How about: History, Intrigue, Discoveries.
¨Devil in the White City¨
It Just won the National Book Award.

Posted by: Jason Pickens at January 24, 2009 10:39 AM

"appreciative, nostalgic, loved"
The Brief History of The Dead by Kevin Brockmeier

Posted by: consumatron at January 24, 2009 2:36 PM

sinister, sad, stunning:
Kazuo Ishiguro: Never Let Me Go
Michel Faber: Under the Skin

Posted by: Ysa at January 24, 2009 2:39 PM

In "Lovingly Sad Happy" I would add Extremely Loud and Incredibly Close by Jonathan Safran Foer.

Posted by: Ananda at January 24, 2009 3:16 PM

Love that Dog by Sharon Creech makes me feel soulfully tenderly sweetened.

Posted by: jeano at January 24, 2009 4:39 PM

"existentially sad/grateful": Johnny Got His Gun

Posted by: Kendra at January 24, 2009 8:43 PM

For lovingly sad happy I think of Charles Baxter's 'Feast of Love'.

Life of Pi (Yann Martel)- curious, fearless, amused

Cloud Atlas (David Mitchell) - inspired, enthralled, critical (for some reason I wanted to pick it apart afterward %P)

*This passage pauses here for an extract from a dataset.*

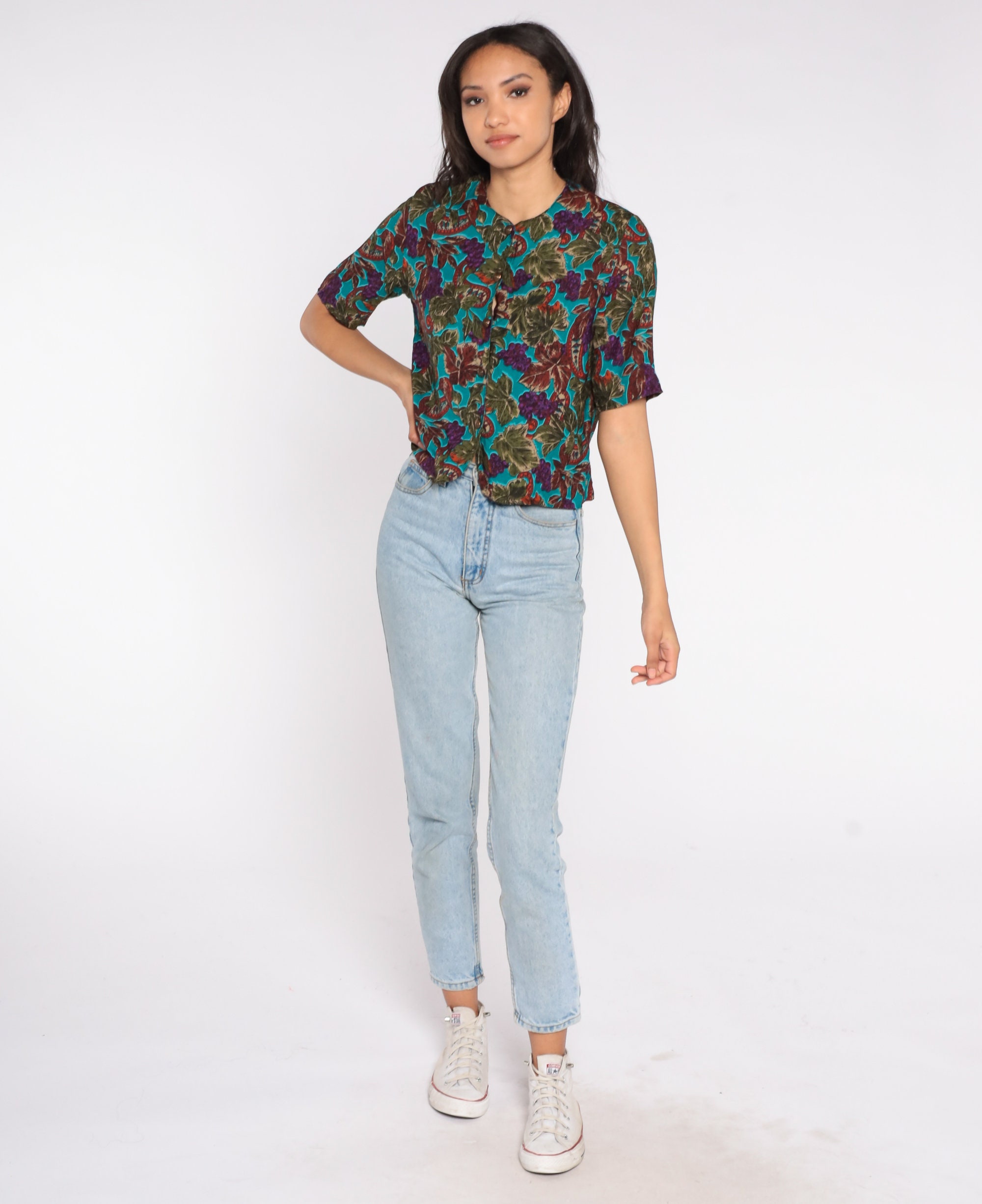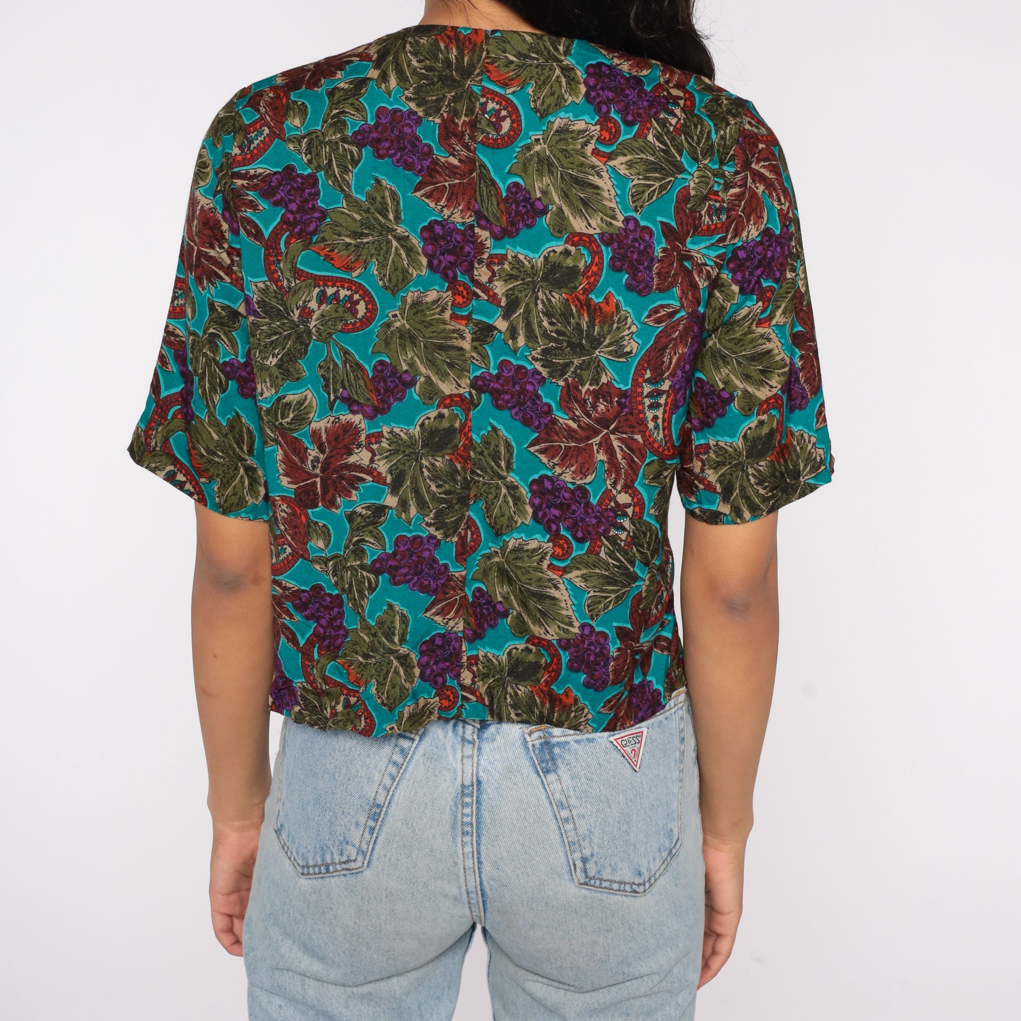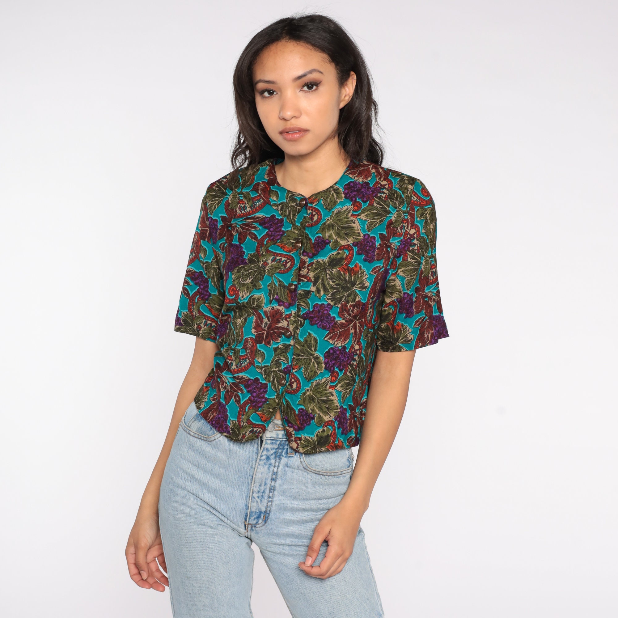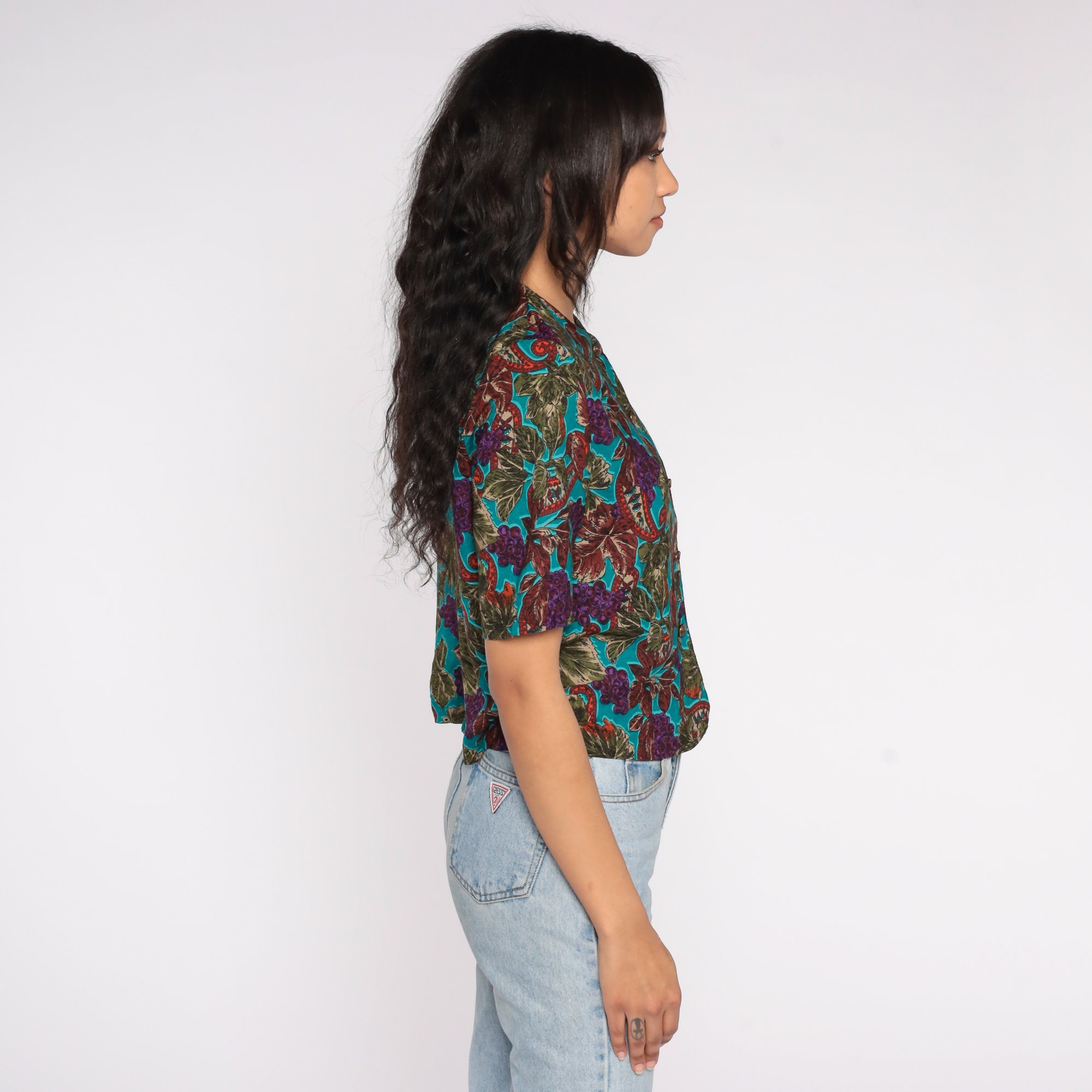 Vintage 80s 90s shirt with a paisley and grape vine print, buttons up the front and short sleeves.
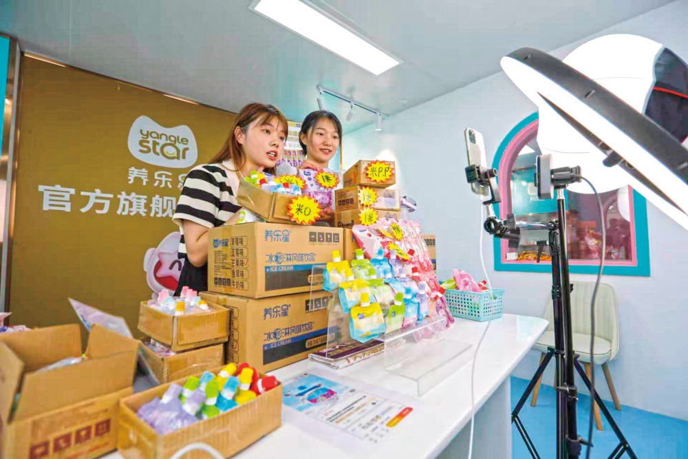 在江西养乐星生物科技有限公司直播间里,东乡区电商服务中心的主播正在帮忙销售企业生产的产品。(饶方其摄)

A. S. Byatt's Frederica Quartet (The Virgin in the Garden, Still Life, Babel Tower, A Whistling Woman - but especially Babel Tower) - ravished, experienced, enriched

Michael Cunningham's The Hours - heartbroken, sympathetic, hopeful

Posted by: Marianne at January 24, 2009 9:23 PM

perks of being a wallflower!

Posted by: ali baba at January 25, 2009 4:58 PM

"Confused, mournful, awed" - Notable American Women - Ben Marcus

Posted by: Ulan Bator III at January 26, 2009 1:29 AM

I'm with Ysa - Kazuo Ishiguro: Never Let Me Go. Wonderful book!

Posted by: Russ at January 26, 2009 4:03 PM


The Book of Laughter and Forgetting by Milan Kundera

Postfeminist Rage:

The Education of a French Model by Kiki
Anna Karenina by Leo Tolstoy

Lovingly Sad Happy:

The Confessions of Max Tivoli by Andrew Sean Greer

Posted by: Notorious at January 28, 2009 8:05 PM

lovingly sad-happy: summer book by tove jansson


exhaustingly life-enriched: any human heart, william boyd

and i'd amend cloud atlas to pleasingly literarily intelligent :)

Posted by: han at January 30, 2009 7:22 PM

Furiously Frustrated and Overwhelmed:
"Under a Cruel Star: A Life in Prague, 1941-1968"
by Heda Margolius Kovaly

An amazing book... Kovaly's description of memory as an accordion-fold of photos - once you pick one up you can't stop the rest from coming with it - is one of the most beautifully painful lines of prose I've ever read.